An Iranian citizen journalist, who writes under a pseudonym to protect her identity, wrote the following article on the ground inside Iran.
“He has been known as a symbol of success for a long time and has inspired millions around the world.”
This sentence refers to Donald J. Trump, the frontrunner Republican presidential candidate. It appears on the first page of a translation of his 2007 book Trump 101: The Way to Success, which can be found in many bookstores along Tehran’s Revolution Avenue.
The book was published during Mahmoud Ahmadinejad’s presidency, but it is not the only title by Trump available in Iran. I visited bookstores on Revolution Avenue and other Tehran neighborhoods and found that, from 2010 to 2015, at least six books by Donald Trump received publication permits from the Ministry of Culture and Islamic Guidance.

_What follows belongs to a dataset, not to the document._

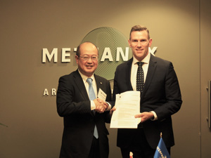 ▲2017年12月20日にバンクーバーで開催された調印式の様子、(写真左)日本郵船の近藤耕司経営委員(右)ウォーターフロントカンパニーのPaul Hexter社長

Trump might be a presidential candidate now, but for a long time, he was well known as a successful and wealthy businessman who taught others how to get rich by reading his books. Persian translations of his books are available, including Why We Want You to be Rich: Two Men – One Message; Trump: Think Like a Billionaire: Everything You Need to Know About Success, Real Estate, and Life; Trump 101: The Way to Success; and Think Big and Kick Ass in Business and Life.
The covers of some of these books show Trump in a suit and tie with a serious and determined look on his face. One of the covers resembles a campaign poster more than anything else.

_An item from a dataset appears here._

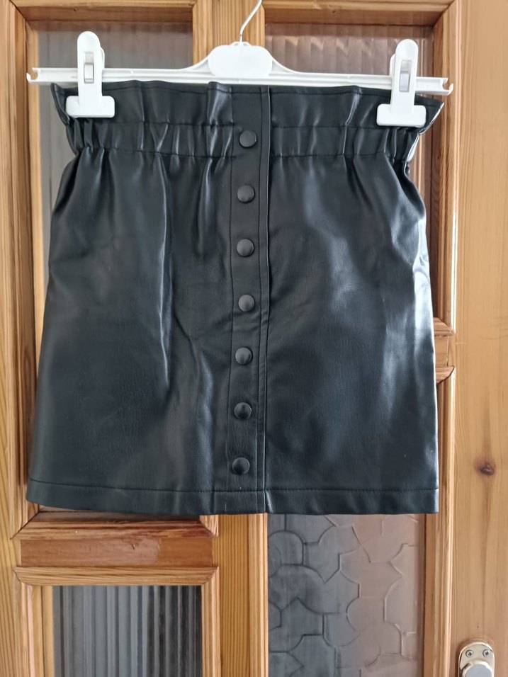 Düğmeli Siyah Deri Mini Etek

Revolution Avenue is one of Tehran’s main thoroughfares. The main campus of the University of Tehran, the oldest university in the country, sits on on its north side. Booksellers Row is located opposite the campus, on the south side of the street, and has been for a long time. In 1979, the street was the main site for protest marches against the Shah, leading to his eventual downfall and the establishment of the Islamic Republic.

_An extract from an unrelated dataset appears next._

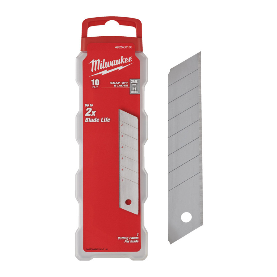 Odlamovací čepele Milwaukee 25 mm jsou určené pro přesné řezání, balení obsahuje 10 kusů a kompatibilitu zajišťuje standardní rozměr pro většinu nožů. Robustní provedení zvyšuje životnost při práci s různými materiály.
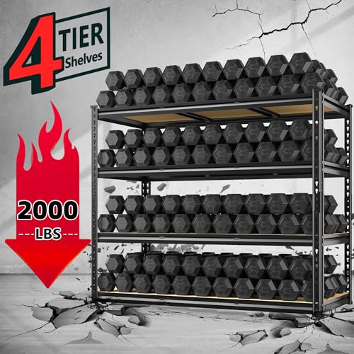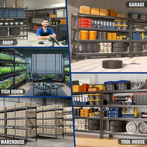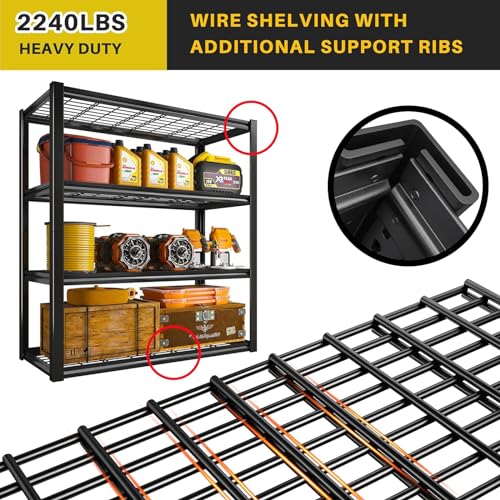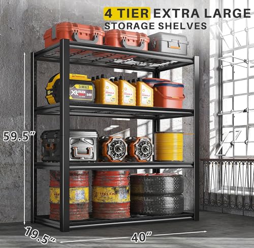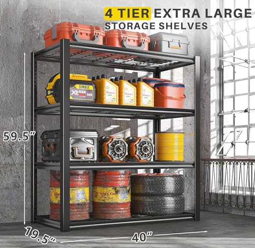 REIBII 40" W Garage Shelving 2240 LBS Storage Shelves Adjustable Metal Shelving Heavy Duty 4 Tier Metal Shelves for Pantry Basement Warehouse 40" W × 19.5" D × 59.5" H

Most of the bookstores feature display racks dedicated to books on how to get rich, how to be successful or how to run a business. In addition to the Donald Trump titles, browsers can find translations of works by the billionaire Warren Buffet, the motivational speaker and writer Dr. Spencer Johnson and businessman and self-help author Robert Toru Kiyosaki.
It’s easy to find Trump’s books. Every general-purpose bookstore on Booksellers Row has at least a couple of his books in stock, or has only recently run out of them.
“That Crazy Guy?”
I purchased four of Trump’s books from four different stores. But only one bookseller in all of the stores recognized who he was. When I uttered the author’s name, the bookseller smiled and said, “You mean the same crazy guy who is running for the president of the United States?” Then he stopped smiling and added, “But don’t look at him that way. He is a big business brain and is very successful.” He then proceeded to search “Trump” on his computer and said he normally stocked three books by him, but that two of them were sold out and only one was currently in stock. Guided by the computer, he located the book on the shelves, pulled it out and handed it to me. The price? Less than $10. Though really, the price is inconsequential, since because Iran is not a signatory to international copyright conventions, the “Master of the Deal” will not see a penny of the translated works.
When I mentioned the name of Donald Trump in other bookstores, or asked for a book by him, no one else responded in any particular way. They simply searched on their computers for what was on offer, told me the name of the book and its price. After taking the money, they put the book in a bag and gave it to me. That was all.
The lack of response was a little surprising, of course, because these days you cannot escape hearing or reading about Trump, his provocative statements or his weird behavior, from demanding that women who have abortions be punished to making fun of the disabled New York Times reporter Serge Kovaleski.
Donald Trump has mentioned Iran a few times throughout his campaign and in debates with his competitors. In a speech in October 2015 in Jacksonville, Florida, he made a reference to Iran and the nuclear agreement. “We’re going to re-negotiate that horrible deal with Iran,” he announced. “We’re giving them $150 billion. It’s insane to give them money, we shouldn’t give them anything.” He promised his audience that, if elected, he would get rid of the agreement. He also said that when a friend makes a bad deal and he is in trouble, he buys his company, fixes it and sells it back to him at higher price, which makes both parties happy. Any deal must have something for both sides, but Trump told his supporters this was not the case with the nuclear deal with Iran. It was a deal he was going to fix, he said.
Statements like these have not escaped the attention of Iranian politicians and the media, especially hardliners like Hossein Shariatmadari, the managing editor of the daily newspaper Kayhan. Like Trump, they are against the nuclear agreement, and relish the opportunity to publish his vitriol.